Predicting dispersal of auto‐gyrating fruit in tropical trees: a case study from the Dipterocarpaceae

Seed dispersal governs the distribution of plant propagules in the landscape and hence forms the template on which density‐dependent processes act. Dispersal is therefore a vital component of many species coexistence and forest dynamics models and is of applied value in understanding forest regeneration. Research on the processes that facilitate forest regeneration and restoration is given further weight in the context of widespread loss and degradation of tropical forests, and provides impetus to improve estimates of seed dispersal for tropical forest trees. South‐East Asian lowland rainforests, which have been subject to severe degradation, are dominated by trees of the Dipterocarpaceae family which constitute over 40% of forest biomass. Dipterocarp dispersal is generally considered to be poor given their large, gyration‐dispersed fruits. However, there is wide variability in fruit size and morphology which we hypothesize mechanistically underpins dispersal potential through the lift provided to seeds mediated by the wings. We explored experimentally how the ratio of fruit wing area to mass (“inverse wing loading,” IWL) explains variation in seed dispersal kernels among 13 dipterocarp species by releasing fruit from a canopy tower.
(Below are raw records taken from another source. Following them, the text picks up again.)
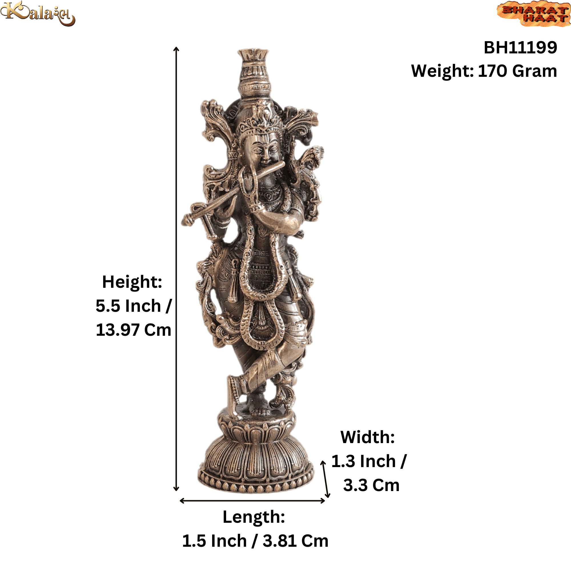 Grace your space with divine serenity through this elegantly crafted Brass Krishna idol. Standing at 5.5 inches tall, this statue portrays Lord Krishna in his iconic posture, playing the flute, symbolizing love, compassion, and spiritual harmony. Made from high-quality solid brass, it features fine detailing and a smooth antique finish that reflects skilled craftsmanship.
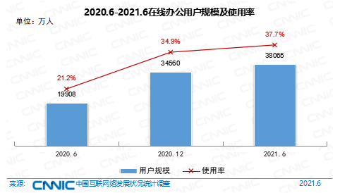 截至2021年6月,我国在线办公用户规模达3.81亿,较2020年12月增长3506万,网民使用率为37.7%。在线办公细分应用持续发展,在线视频/电话会议、在线文档协作编辑的使用率均为23.8%。一方面,随着企业数字化转型不断推进,以在线办公为代表的灵活工作模式将持续创新发展。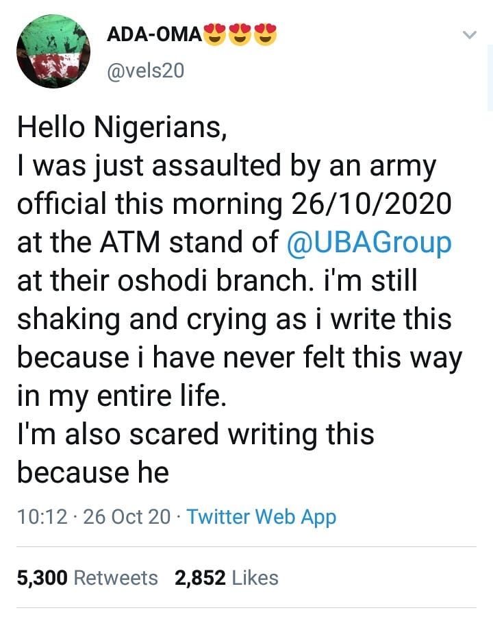 A lady by name Ada-Oma took to her Twitter page to share her bitter expernce with a nigeran soldier this morning.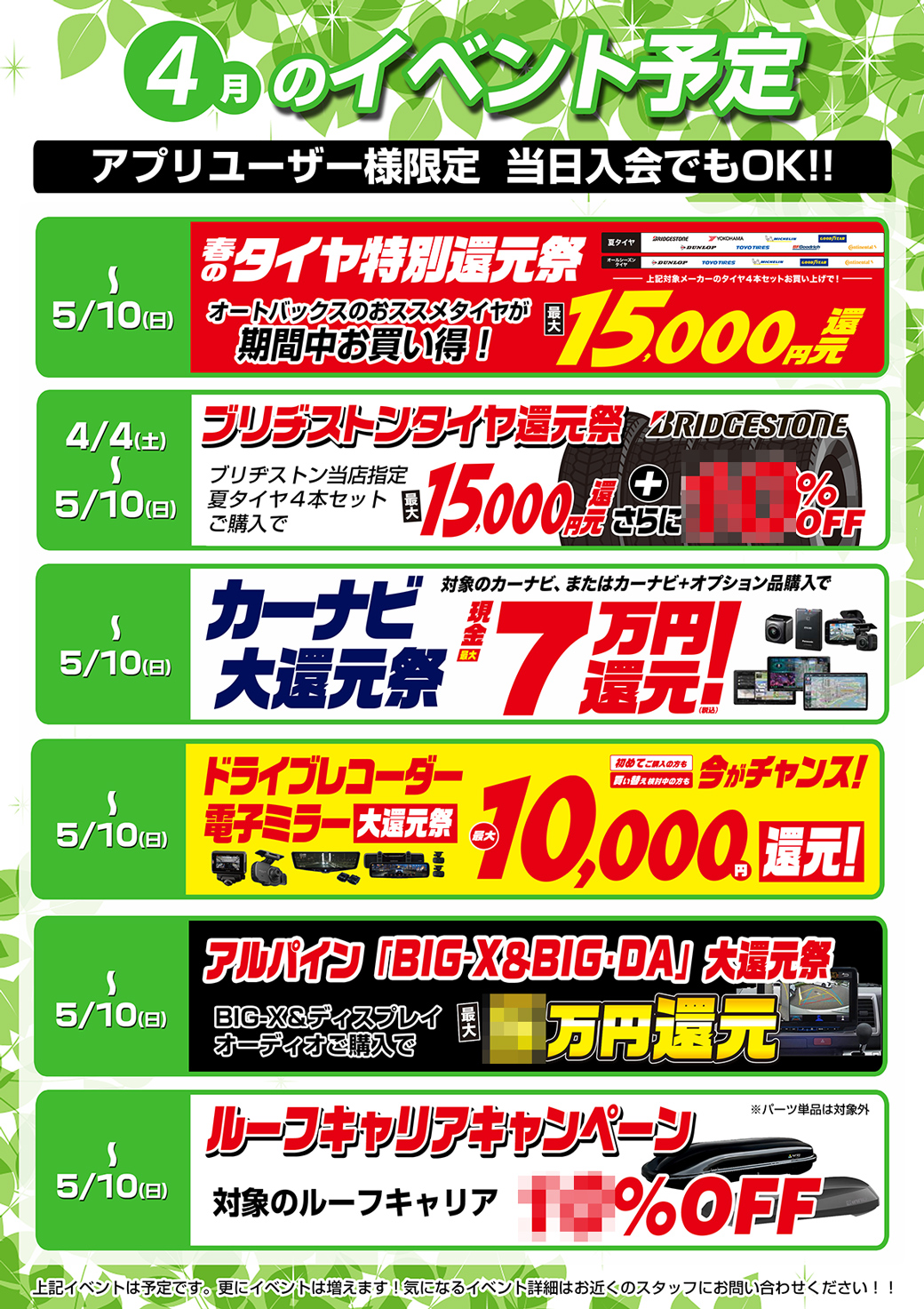 4月のイベント情報 2026年4月7日 ☘️ 4月のイベント情報です! ☘️ イベント・キャンペーン記事一覧に戻る 最近の投稿 4月のイベント情報 春の夏タイヤ大還元祭【3/6~5/10】 3月のイベント情報 ドラレコ最大1万円大還元祭【2/20~5/10】 ドラレコ最大1万円大還元祭【2/20~5/10】 アーカイブ 月別アーカイブ 2026年4月 [1] 2026年3月 [1] 2026年2月 [6] 2026年1月 [1] 2025年12月 [4] 2025年10月 [4] 2025年9月 [1] 2025年8月 [1] 2025年7月 [2] 2025年6月 [4] 2025年5月 [3] 2023年7月 [1] キーワード検索 検索 Tag Cloud ETCETC2.0オートバックスオートバックス ブリヂストン ヨコハマタイヤ ダンロップ パイオニア パナソニック ケンウッド アルパイン 暑い 夏 快適助成キャンペーン

Horizontal seed dispersal distances increased with IWL, especially at high wind speeds. Seed dispersal of all species was predominantly local, with 90% of seed dispersing <10 m, although maximum dispersal distances varied widely among species. We present a generic seed dispersal model for dipterocarps based on attributes of seed morphology and provide modeled seed dispersal kernels for all dipterocarp species with IWLs of 1–50, representing 75% of species in Borneo.     

Non‐equilibrium in plant distribution models – only an issue for introduced or dispersal limited species?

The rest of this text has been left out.